A 14-year-old boy is brought to the emergency department with fever, vomiting, lethargy, and neck stiffness.

CSF Analysis:
- Appearance: Slightly cloudy
- WBC count: 100 cells in nine large squares using WBC Unopettes with 1:20 dilution

Questions:
1. What is the WBC count in the CSF?
2. Describe the CSF findings.
3. What additional tests should be performed on the CSF?

Results of the proposed additional studies:
- WBC differential counts: 86 neutrophils (segmented and band), 7 monocytes, 7 lymphocytes
- Gram stain: Gram-negative diplococci
- Bacterial culture: Pending
- Protein: Elevated
- Glucose: Decreased

4. Based on all the data provided, what condition is most likely?
5. Why does this case represent a medical emergency? What is the significance of clinical laboratory testing in this setting?

Answer :

The WBC count in the CSF is 500 cells/microliter (100 cells in nine large squares multiplied by the dilution factor of 1:20).

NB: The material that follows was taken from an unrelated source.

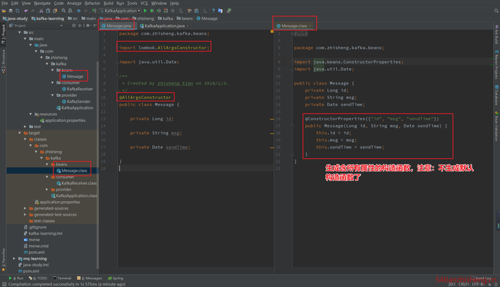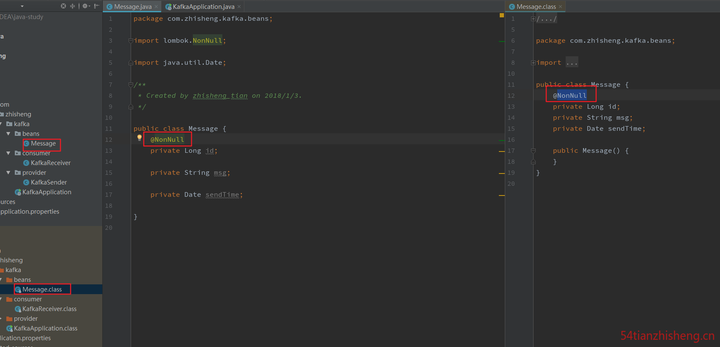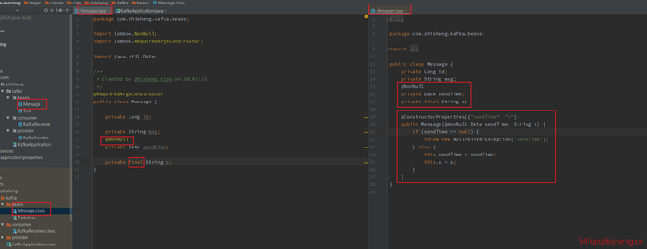 注解在 属性 上,会自动产生一个关于此参数的非空检查,如果参数为空,则抛出一个空指针异常,也会有一个默认的无参构造方法。

2. The CSF findings are indicative of bacterial meningitis. The slightly cloudy appearance, elevated WBC count, and presence of neutrophils (segmented and band) and Gram-negative diplococci suggest an inflammatory response to a bacterial infection.
3. Additional tests that should be performed on the CSF include bacterial culture and sensitivity testing to identify the specific organism causing the infection and determine the most appropriate antibiotic treatment.
4. Based on all the data provided, the most likely condition is bacterial meningitis caused by Neisseria meningitidis.
5. This case represents a medical emergency because bacterial meningitis can rapidly progress and cause severe neurological complications, including seizures, brain damage, and death. Clinical laboratory testing is critical in this setting to quickly identify the underlying cause of the patient's symptoms and guide appropriate treatment decisions, which can significantly improve patient outcomes.